A total of 255 individuals of L. chrysophekadion were field-identified 8 , 23 , 24 and collected at nine locations along the LMB. The sampling strategy included six mainstem sites spread across four countries (Paksan, Pakse – Lao PDR; Ubon Ratchathani – Thailand; Kratie – Cambodia; Dong Thap, and An Giang – Vietnam); one site at the confluence of the Mekong and 3S Rivers (Stung Treng – Cambodia); and two LMB tributary sites – the Khan River – Luang Prabang, Lao PDR – and the Chi River – Roi Et, Thailand ( Table 1 , Figure 1 )

Table 1 Information on the sampling sites for Labeo chrysophekadion in the lower Mekong Basin

Muscle tissue (~ 50 mg) from each individual was preserved in 95% molecular grade ethanol and transported to the Molecular Biology Laboratory at Nha Trang University, Vietnam, for further analysis.

Genomic library preparation and sequencing

DNA extraction was performed from preserved tissue samples using the Wizard® SV Genomic DNA Purification System kit (Promega, USA) following the manufacturer's instructions. A minor modification was made in the elution step; the extracted DNA was eluted three separate times, with 100 µL of AE buffer used each time instead of 250 µL of nuclease-free water. Subsequently, all elutions were subjected to electrophoresis on a 1% agarose gel and quantified using a Qubit 2.0 fluorometer with the dsDNA High Sensitivity kit (Invitrogen).
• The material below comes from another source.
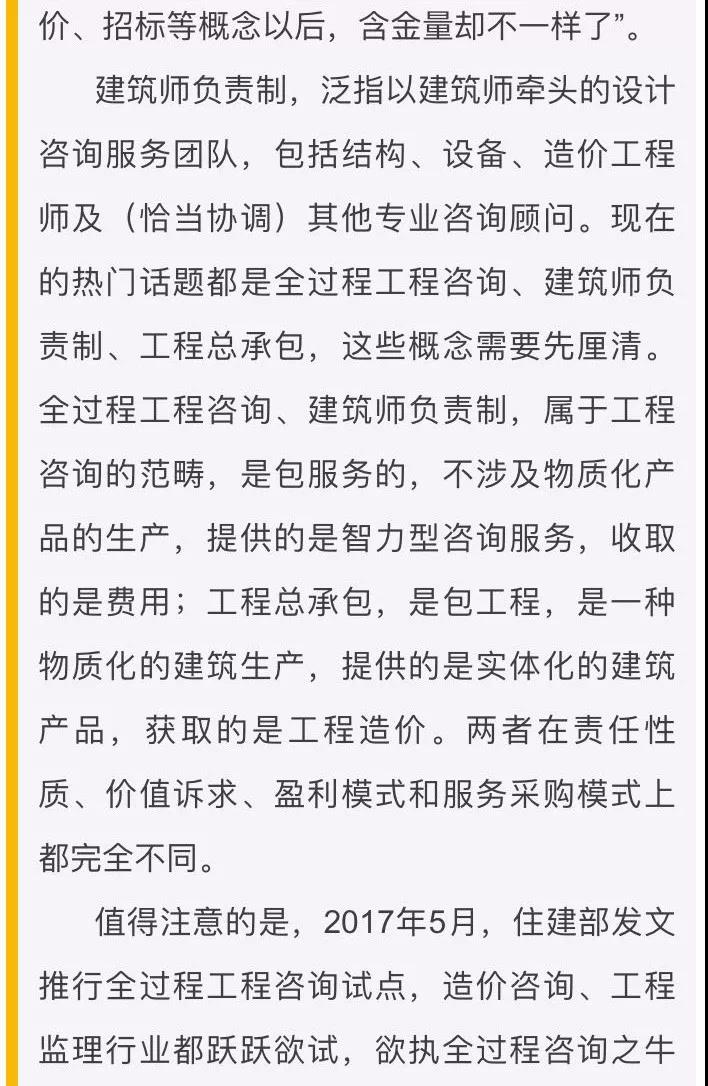當(dāng)前,國(guó)家大力推進(jìn)工程總承包,許多設(shè)計(jì)企業(yè)與施工企業(yè)聯(lián)合,從事工程總承包,但其中大部分是施工企業(yè)牽頭,設(shè)計(jì)企業(yè)實(shí)際上是施工總承包商的“設(shè)計(jì)分包”。這恰恰是因?yàn)椋O(shè)計(jì)企業(yè)沒(méi)有實(shí)行建筑師負(fù)責(zé)制,只有提供“畫圖”服務(wù)的能力,因而在工程總承包中缺乏話語(yǔ)權(quán),服務(wù)含金量不高。因此,筆者認(rèn)為,由于設(shè)計(jì)文件深度及工程造價(jià)、工程結(jié)算改革尚不配套,當(dāng)前在房屋建筑和市政工程領(lǐng)域推進(jìn)工程總承包的條件并不成熟,而應(yīng)首先大力推進(jìn)建筑師負(fù)責(zé)制,使設(shè)計(jì)企業(yè)首先具備全過(guò)程工程咨詢的能力,然后再創(chuàng)造條件推進(jìn)工程總承包。
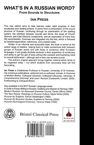 "What's in a Russian Word" works its way from a presentation of the sound structure of Russian, through an examination of the spelling system, the interface between sounds and forms, and the issue of the Church Slavonic and East Slavonic components of the Russian language, to an exploration of over sixty word families. The book should help one to make connections both between Russian words and those in numerous other European languages and between extensive groups of Russian words themselves, greatly facilitating learners at various stages in their acquisition of vocabulary and their ability to get the gist of texts without the constant and frustrating need to consult dictionaries, skill in the use of which none the less remains crucial.

Selected DNA (100 ng, ≥ 3 ng/µl) from 255 individuals was used for ezRAD library preparation 16 , 17 . The implementation process involved randomly fragmenting the genomic DNA, performing end repair, size selection, A-tailing, ligating with Illumina adapters, and PCR amplification. All libraries were then sent to the Genomics Core Laboratory (Texas A&M University, Corpus Christi, USA) for paired‐end 150 bp sequencing on the Illumina HiSeq 4000 platform.

Mitogenome assembly and annotation

The data were analyzed on a server with the following configuration: Intel(R) Xeon(R) Gold 6168 CPU @ 2.40 GHz, 80 CPU, and 187 GB of RAM. The operating system used was Ubuntu 21.10, version X_86 64-bit.

The quality of the raw paired-end reads (FASTQ) of the obtained libraries was analyzed and visualized using FastQC 25 and MultiQC 26 , respectively. The mitochondrial genomes were assembled following the MitoZ v3.4 toolkit 27 . Trimmomatic v0.36 28 was used to remove adapters, restriction site sequences, bases with a Phred quality score less than 30, and any reads that were less than 50 base pairs in length. Then, quality-filtered reads were assembled using de Bruijn graph (DBG) algorithms based on Megahit v1.2.9 (quick mode default k-mer length of 71) 29 . The output files (FASTA) were assembled contigs and/or scaffolds of both the mitochondrial and nuclear genomes. The FindMitoScaf module was applied for the following steps: (i) The genomes were mapped to the profile Hidden Markov Model; (ii) All sequences falling outside the database were removed; and (iii) The confidence scores were calculated and ranked for protein-coding genes. GeneWise v2.2 30 , MiTFi v1.0 31 , and infernal v1.1.1 32 were used to annotate protein-coding genes (PCGs), transfer RNA (tRNA), and ribosome RNA (rRNA), respectively.

Consensus genome sequences in FASTA format were aligned to the L. chrysophekadion mitogenome from GenBank (AP011199 33 ) using pagan2 34 . Based on sequence length and percentage mapping, a haplotype network of eight consensus mitogenomes from LMB and the previously published genome was created using POPART v1.7 35 . Additionally, Kimura’s two-parameter genetic distance was calculated using BioEdit 7.0.5.3 36 to determine the genetic differences between the LMB L. chrysophekadion consensus sequences.

The selected complete mitogenome was rearranged using BWA v0.7.17 37 and SAMtools v1.15.1 38 . A circular map of the L. chrysophekadion mitogenome was generated using Circos 39 . The nucleotide composition of the mitogenome was determined using MEGA X 40 . Finally, the complete mitogenome was submitted to GenBank using Bankit (https://submit.ncbi.nlm.nih.gov/about/bankit/).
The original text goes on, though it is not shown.